三日之后,皇帝恢复上朝的同时,也恢复了巡视后宫的惯例。
按理,皇帝在中宫皇后这里歇息的日子并不固定,只初一十五是必须来的,为的就是维护正统嫡支的地位。
冉佳怡也没多想着伺候皇帝,只因皇帝一来,她就连个正经睡觉的地方都没了,偏对方为了彰显自己对皇后的爱重、以及对伍家的重视,一个月进二十天进后宫,倒有十几日往她这里来。
皇后也没有独占皇上的道理,不过一月下来,冉佳怡就成功吸引了所有后宫女人的火力,就连去太后处请安,也遭一顿不明不白的训斥。
冉佳怡心知皇帝没安好心,索性皇帝再来时,拉后宫其他妃子顶缸。
当然,在她这里叫顶缸,在其他妃子那里,这叫笼络人固宠。
后宫妃子虽说在争夺皇帝宠爱时各为其政,可前朝后宫一向息息相关,母族在前朝一派的,后宫自然也结成小团体。
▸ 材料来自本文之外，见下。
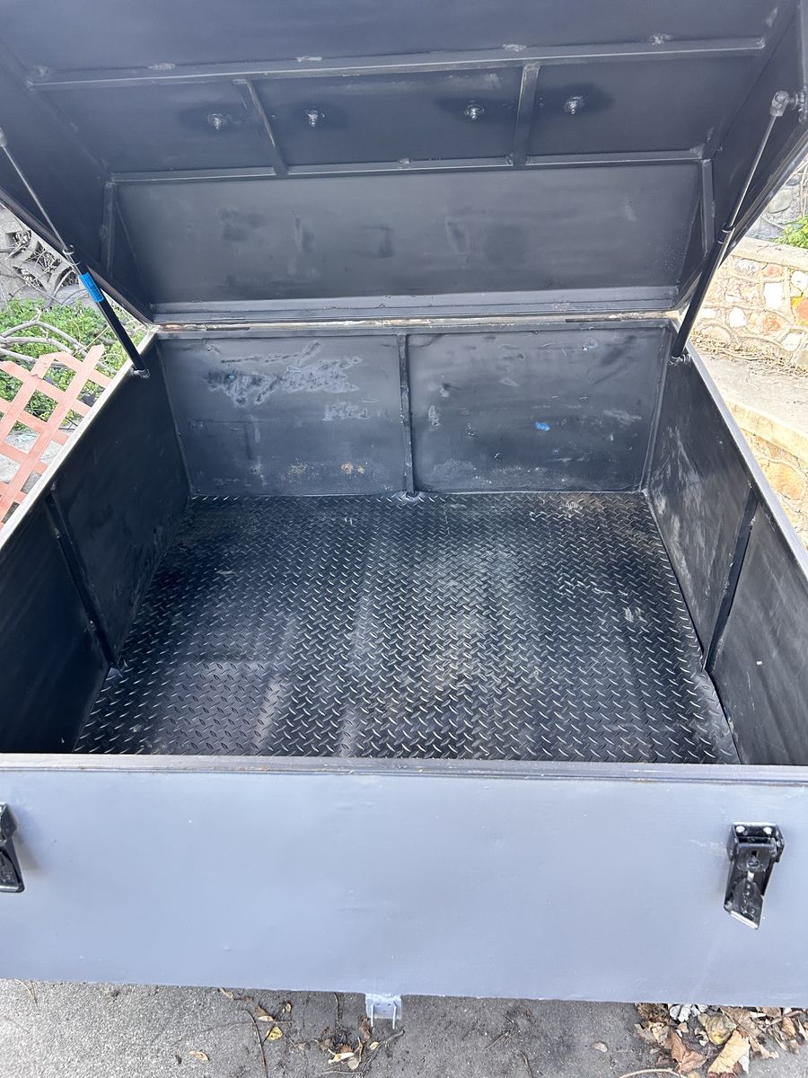 PayPalMy dad bought this trailer for his business, but ended up not using it even ONCE. So It's been sitting outside for 2 years now. It may look a little dirty, but it literally only needs to be wiped down. Everything about it is in excellent shape! The previous owner customized it a bit (with the rubber lining inside). Good little trailer!

大靖朝文官武官一向不和,冉佳怡贵为皇后,自然成为了后宫武官之女的头头,尽管她并没有这个意思。
而文官一派的后妃之首自然就是前宰相孙女,骆家的骆贵妃,如今后宫皇后之下第一人。
可惜的是,随着宰相祖父告老,下一辈后继无力跟不上,孙辈年纪又还小,皇后宝座旁落,底下人也纷纷有了小心思,骆贵妃如今当很是苦恼。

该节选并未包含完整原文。